Now the decompressor must only add distance to the current buffer index (since distance is negative, the index goes backwards) and copy length bytes from there to the current index:

WHILE length > 0
   buffer[index] = buffer[index+distance]
   index = index + 1
   length = length - 1
END WHILE

Please refer to the UNLZEXE source code for further information.

SoftDisk Library Approach

This is used as the first form of compression in the Softdisk Library Format. Flags are 1-byte long and divide the datastream into segments of eight 'values' which can be either literals or codewords. Codewords are 2 bytes long, literals 1 byte. (Therefore there will be a flag byte every 8 to 16 bytes of data.) The value of each bit (In little endian) indicates whether a value will be a literal (1) or codeword (0) Thus a value of 199 (11000111 in binary) indicates three codewords, three literals and two codewords in that order. (Total of 13 bytes.)

Literals are sequences that have never been seen in the datastream before, they cannot be compressed and are thus the same in the compressed and decompressed datastreams. (If the data is text they become quite obvious.) Any string less than 3 bytes long that has not been read before or cannot be pointed to (See below) will be stored as literals.

Codewords are reference to data that has already been read. They are two bytes long, with the first 12 bits giving the location to read data from and the last 4 bits giving the length of data to read.

The lower nybble (4 bits) of the second codeword byte holds the length of repeat data to read minus three. (This makes sense, the shortest sequence it makes sense to code is three bytes which can be given the value 0.) It will be immediately apparent that the maximum length of repeated data that can be stored as a codeword is 18 bytes.

The high nybble of the second byte is multiplied by 16 then added to the first byte to give the location of the data to read in the 'sliding window' minus 19. (This is due to the way the decompression is set up in memory.)

It will be immediately obvious that the codewords can encode values between +-2048, or about 2KB. If the decompressed data is less than 2KB in size then zero is the start of the data, if it is larger than it is 2048 bytes from the data end.

It will be noted that it is probable that the compressed datastream will not be perfectly divisible by flag bytes.
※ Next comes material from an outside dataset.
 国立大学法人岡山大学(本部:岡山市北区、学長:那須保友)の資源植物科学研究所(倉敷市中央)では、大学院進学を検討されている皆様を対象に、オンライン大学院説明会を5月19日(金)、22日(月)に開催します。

In this case the unused bits are set to 0. The decompressor stops when the decompressed data size is equal to the value given in the chunk header. (If it runs out of data it will abort.)
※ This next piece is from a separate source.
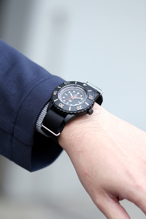 「Q&Q Smile(スマイル)Solar(ソーラー)」シリーズは、マリンスポーツにも装着できる20気圧※1というタフな防水性でありながら、軽量な仕様が人気の高機能なソーラー時計です。今回の初コラボでは、ビジネススタイルのカジュアル化に合わせ、ザ・スーツカンパニーのメイン客層である20代~30代のビジネスパーソンに向けて、ビジカジにもコーディネートできるデザインに仕上がっています。ビンテージ時計をモチーフとした文字盤デザインには、針や目盛(インデックス)に経年変化での色あせを表現したオフベージュに加えて、マットブラックを基調とした極太ベゼル※2とNATO(ナトー)タイプベルト※3を採用しています。ミリタリーテイストながら落ち着きのあるデザイン性と、アウトドアにも取り入れていただける高機能性により、ビジネスからアウトドアまで着用いただけます。

As a simple example the sentence 'I am Sam. Sam I am!' will be compressed to:

FF				Flag byte, 8 literals follow
49 20 61 6D 20 53 61 6D	'I am Sam' as literals
2B				Flag byte, 2L, P, L, P, L 2Blanks ($2B = 43 = 00101011)
2E 20				' .' as literals
F2 F0				codeword, read 0 + 3 = 3 bytes from $FF2, or -14 + 19 = 5 in the data. This is 'Sam'
20				' ' as literal
ED F1				codeword, read 1 + 3 = 4 bytes from $FED or -19 + 19 = 1 in the data. This is 'I am'
21				'!' as literal

Other LZW article pages

These pages detail specific LZW algorithms used by certain games:

Source code

Some example code is available in various languages showing how to decompress (and in some cases compress) files using the Keen's LZW algorithm in its various implementations.

Keen 1-3 Implementation

These segments of code work with the Keen 1-3 implementation only and will not for example decompress LZEXE compressed executables.

QuickBasic

DECLARE FUNCTION READBITS% (FILE AS INTEGER, NUMBITS AS INTEGER)
DECLARE SUB LZWDECOMPRESS (INNAME AS STRING, OUTNAME AS STRING)
DECLARE SUB LZWOUTPUT (FILE AS INTEGER, DIC AS INTEGER, CHAR AS INTEGER)
'
' KEEN1 Compatible LZW Decompressor (Lempel-Ziv-Welch)
' - by Napalm with thanks to Adurdin's work on ModKeen
'
' This source is Public Domain
'
'

' Allocate dictionary
DIM LZDIC(0 TO 4095) AS INTEGER
DIM LZCHR(0 TO 4095) AS INTEGER

' Test Function
LZWDECOMPRESS "EGALATCH.CK1", "EGALATCH.DAT"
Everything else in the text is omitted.